**Work request**
When you transcribe the listing that follows, keep every line exact and skip any picture.

**Supplied information**
•••••

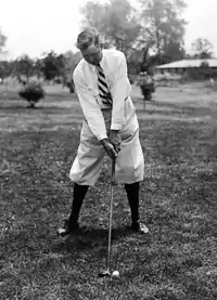![]() Smith set up to hit a fairway wood shot from the rough, c. 1929. | |||
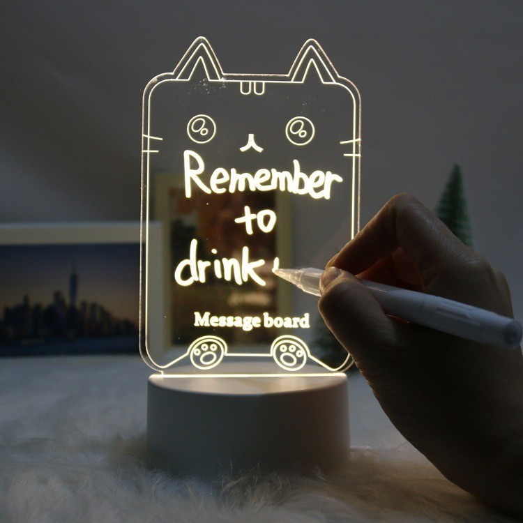 Luminaria Led Escrever De Caneta Lousa Quadro Mesa Anotações Gato
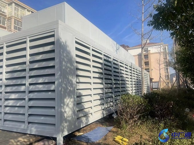 2、安裝環(huán)境允許條件下在冷卻塔設(shè)備外側(cè),設(shè)置消聲百葉與隔聲板的組合式屏障,阻隔設(shè)備整體噪聲的空氣介質(zhì)傳聲途徑;
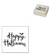 This stamp is of wood and features a Happy Halloween spider webs graphic print.

•••••

**Expected answer**
![]() Smith set up to hit a fairway wood shot from the rough, c. 1929. | |||
 Luminaria Led Escrever De Caneta Lousa Quadro Mesa Anotações Gato
 2、安裝環(huán)境允許條件下在冷卻塔設(shè)備外側(cè),設(shè)置消聲百葉與隔聲板的組合式屏障,阻隔設(shè)備整體噪聲的空氣介質(zhì)傳聲途徑;
 This stamp is of wood and features a Happy Halloween spider webs graphic print.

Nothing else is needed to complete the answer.